Top of DATA EXTRACTS

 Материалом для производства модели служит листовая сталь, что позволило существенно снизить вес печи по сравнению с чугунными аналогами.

Bottom of DATA EXTRACTS
Top of DATA EXTRACTS

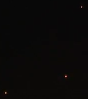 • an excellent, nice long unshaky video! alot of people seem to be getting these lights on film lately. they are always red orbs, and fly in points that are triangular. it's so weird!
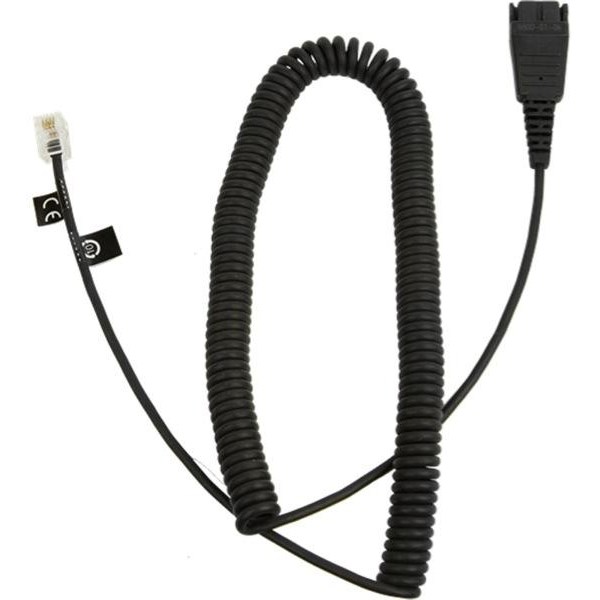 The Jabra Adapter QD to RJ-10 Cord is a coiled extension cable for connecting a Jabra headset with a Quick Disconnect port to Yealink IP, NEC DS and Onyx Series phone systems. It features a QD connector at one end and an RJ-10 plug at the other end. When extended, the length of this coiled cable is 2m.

Bottom of DATA EXTRACTS

▶ _WORK TASK_
Exercise for the records above: copy only the lines from the one with "it's so weird!" to the one with "The Jabra Adapter", both ends kept, and drop the pictures.

▶ _SOLVED EXERCISE_
 • an excellent, nice long unshaky video! alot of people seem to be getting these lights on film lately. they are always red orbs, and fly in points that are triangular. it's so weird!
 The Jabra Adapter QD to RJ-10 Cord is a coiled extension cable for connecting a Jabra headset with a Quick Disconnect port to Yealink IP, NEC DS and Onyx Series phone systems. It features a QD connector at one end and an RJ-10 plug at the other end. When extended, the length of this coiled cable is 2m.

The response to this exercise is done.